Search code examples
python-3.xgzipfile-comparison

Compare compressed files with gzip and filecmp modules returns False on python 3.10


When I run the following code on python3, the result of the filecmp() is False. Why is it so? I thought compressing twice the same file would output two files with the same exact content.

import filecmp
import shutil
import gzip

with open('base_file.fastq', 'rb') as f_in:
  with gzip.open('compressed_one.fastq.gz', "wb") as f_out:
    shutil.copyfileobj(f_in, f_out)


with open('base_file.fastq', 'rb') as f_in:
  with gzip.open('compressed_two.fastq.gz', "wb") as f_out:
    shutil.copyfileobj(f_in, f_out)

filecmp.cmp('compressed_one.fastq.gz',  'compressed_two.fastq.gz', shallow=False)

Solution

  • The gziped file is a structured file rather than just a file with some bytes. It has header information, compressed content, and a footer. When you create a gzip file, the header and footer is also added to the compressed file content.

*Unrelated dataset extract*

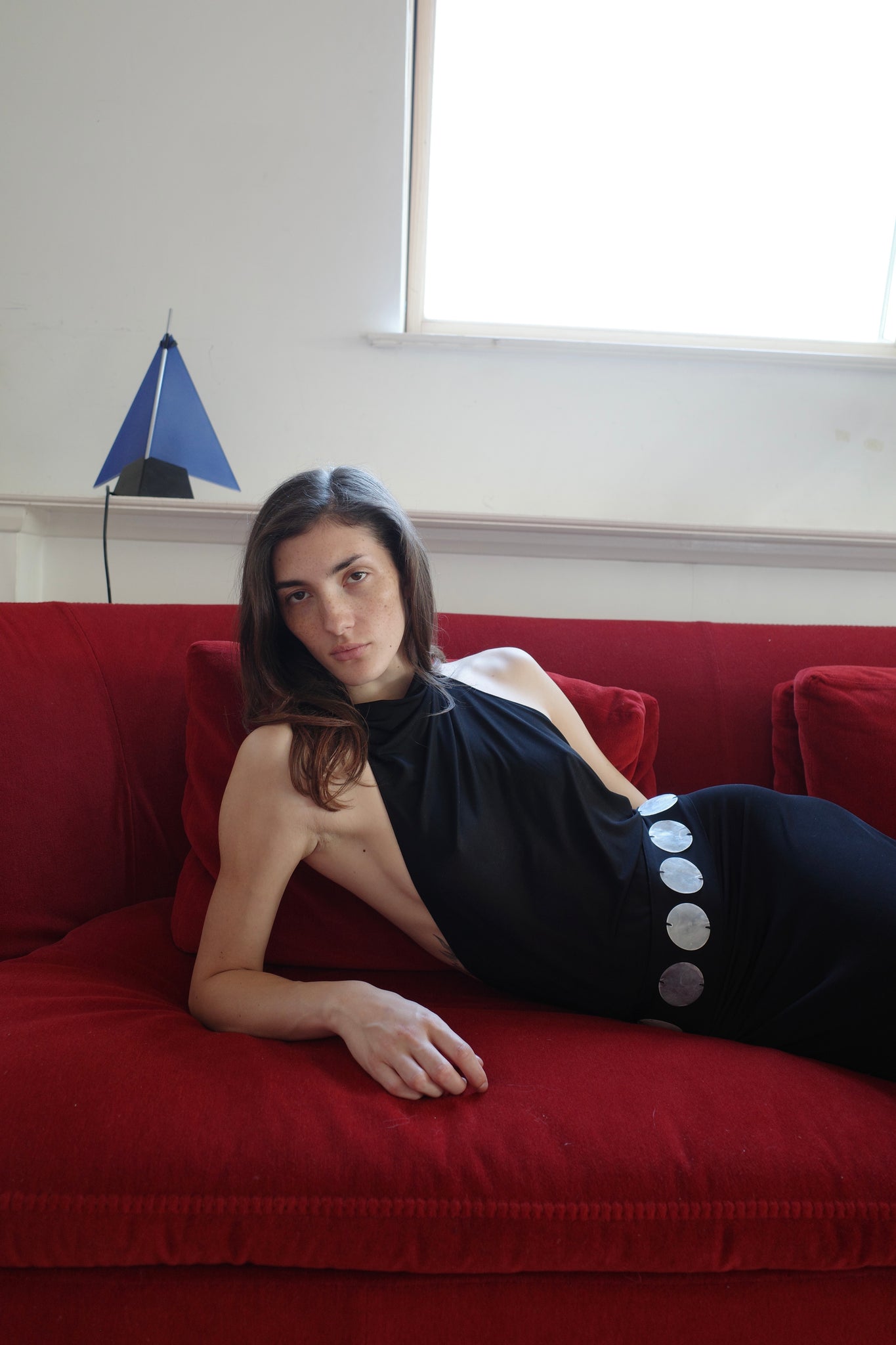 From A/W 2025's All that Jazz, the Jersey Halter Maxi dress is made from a soft cupro fabric, a by-product of cottonseed oil production. The dress features a high-cowl neck halter that ties in a knot at the back neck, cut in a column shape with a slight flare at the knee. The dress has a low, scooped back with a single seam at the centre back. The sash belt is worn on the high hip, and is embroidered with mother of pearl pailettes. Sexy, simple, sensational. Made in London.

    In your case, you are compressing the same file twice with the same compression code and level, so the compressed content will be same. But the gzip header is going to be different. As per the documentation python allows you to configure the header values of filename and modification_time. If these are not specified, a default value like current time is used.

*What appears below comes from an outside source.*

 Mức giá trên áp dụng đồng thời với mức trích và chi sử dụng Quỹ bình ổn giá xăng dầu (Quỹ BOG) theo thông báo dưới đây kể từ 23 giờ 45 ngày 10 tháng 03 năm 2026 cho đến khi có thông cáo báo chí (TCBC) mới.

    In your case, every time you compress the same file, everything remains the same but the header is different. So there is a change in the file content and filecmp returns False. If you want to make the output files the same, then you can use:

    gzip.GzipFile(filename=None, mode=None, compresslevel=9, fileobj=None, mtime=None)

    to compress the contents, with identical header information.